# Exercise directions
Please reproduce the data exactly and omit the pictures.

# Raw data
>>>>

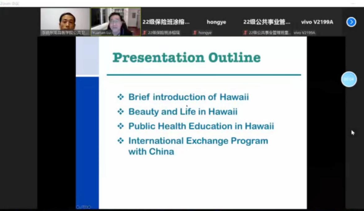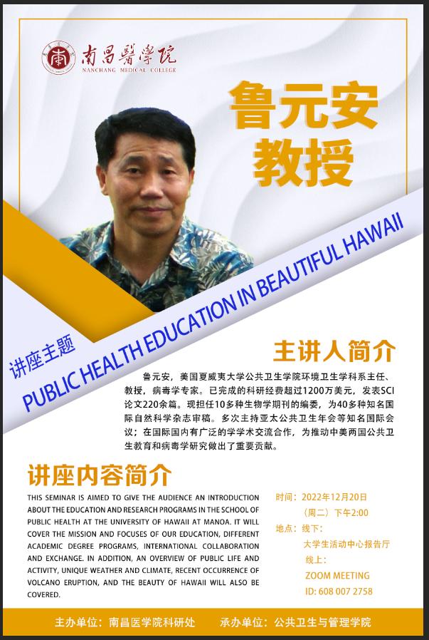 为加强国际交流与合作,提升公司师生的学术科研能力, 2022年12月20日下午,公共卫生与管理公司邀请夏威夷大学鲁元安教授,通过Zoom Meeting平台,举办主题为“PUBLIC HEALTH EDUCATION IN BEAUTIFUL HAWAII”学术讲座。公共卫生与管理公司副经理李晓东主持讲座,sunbet官方网站全体师生参加讲座。
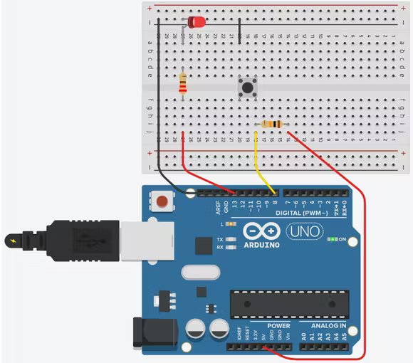 引脚也可用于读取数字信号(高/低电压)。在这里,我们将使用引脚 8 上的按钮(或开关)来打开/关闭引脚 13 上的 LED。
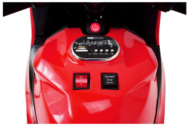 | Efekty dźwiękowe: | Tak, głos pracy silnika motoru i odgłos jazdy, wgrane w panel melodie i opowieści, klakson. Wejście USB, MP3. |
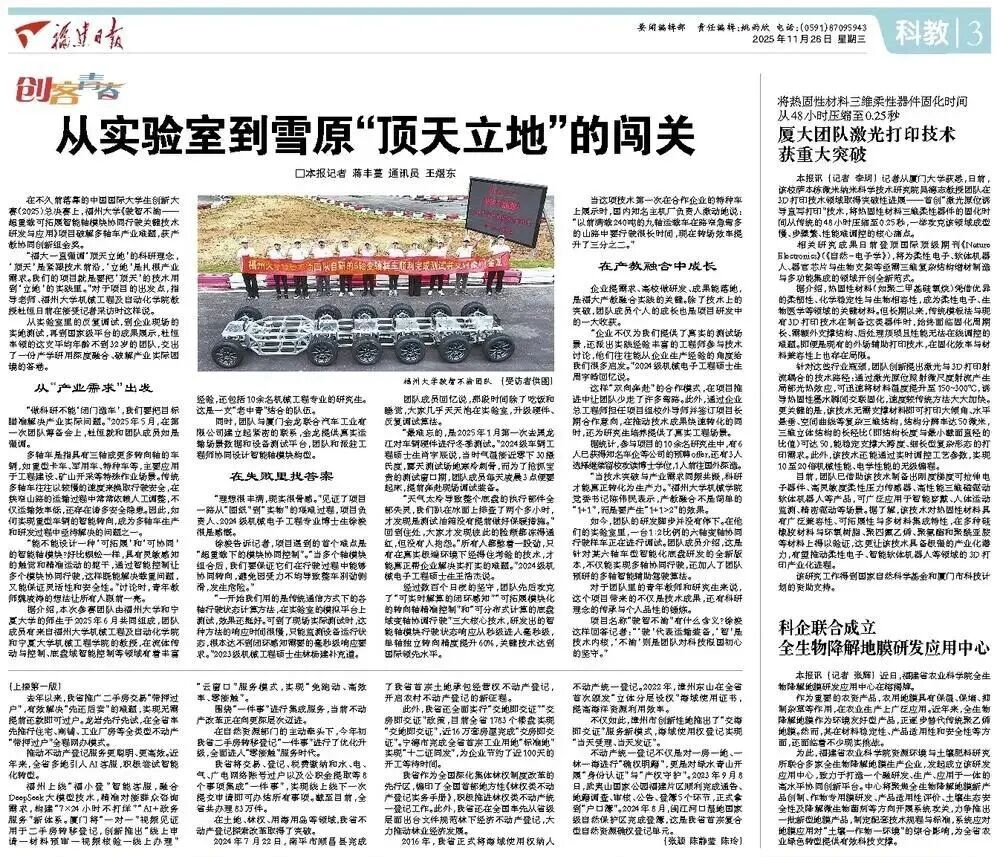 推进新时代“闽宁协作”的一个小小缩影。“福大师生们专业基础扎实,备赛过程中给予了我很多帮助和指导,通过这次比赛,团队不光拿了奖,我自己也收获了成长。”来自宁夏大学的2023级机械工程硕士生高明帆说。

<<<<

# Expected answer
 为加强国际交流与合作,提升公司师生的学术科研能力, 2022年12月20日下午,公共卫生与管理公司邀请夏威夷大学鲁元安教授,通过Zoom Meeting平台,举办主题为“PUBLIC HEALTH EDUCATION IN BEAUTIFUL HAWAII”学术讲座。公共卫生与管理公司副经理李晓东主持讲座,sunbet官方网站全体师生参加讲座。
 引脚也可用于读取数字信号(高/低电压)。在这里,我们将使用引脚 8 上的按钮(或开关)来打开/关闭引脚 13 上的 LED。
 | Efekty dźwiękowe: | Tak, głos pracy silnika motoru i odgłos jazdy, wgrane w panel melodie i opowieści, klakson. Wejście USB, MP3. |
 推进新时代“闽宁协作”的一个小小缩影。“福大师生们专业基础扎实,备赛过程中给予了我很多帮助和指导,通过这次比赛,团队不光拿了奖,我自己也收获了成长。”来自宁夏大学的2023级机械工程硕士生高明帆说。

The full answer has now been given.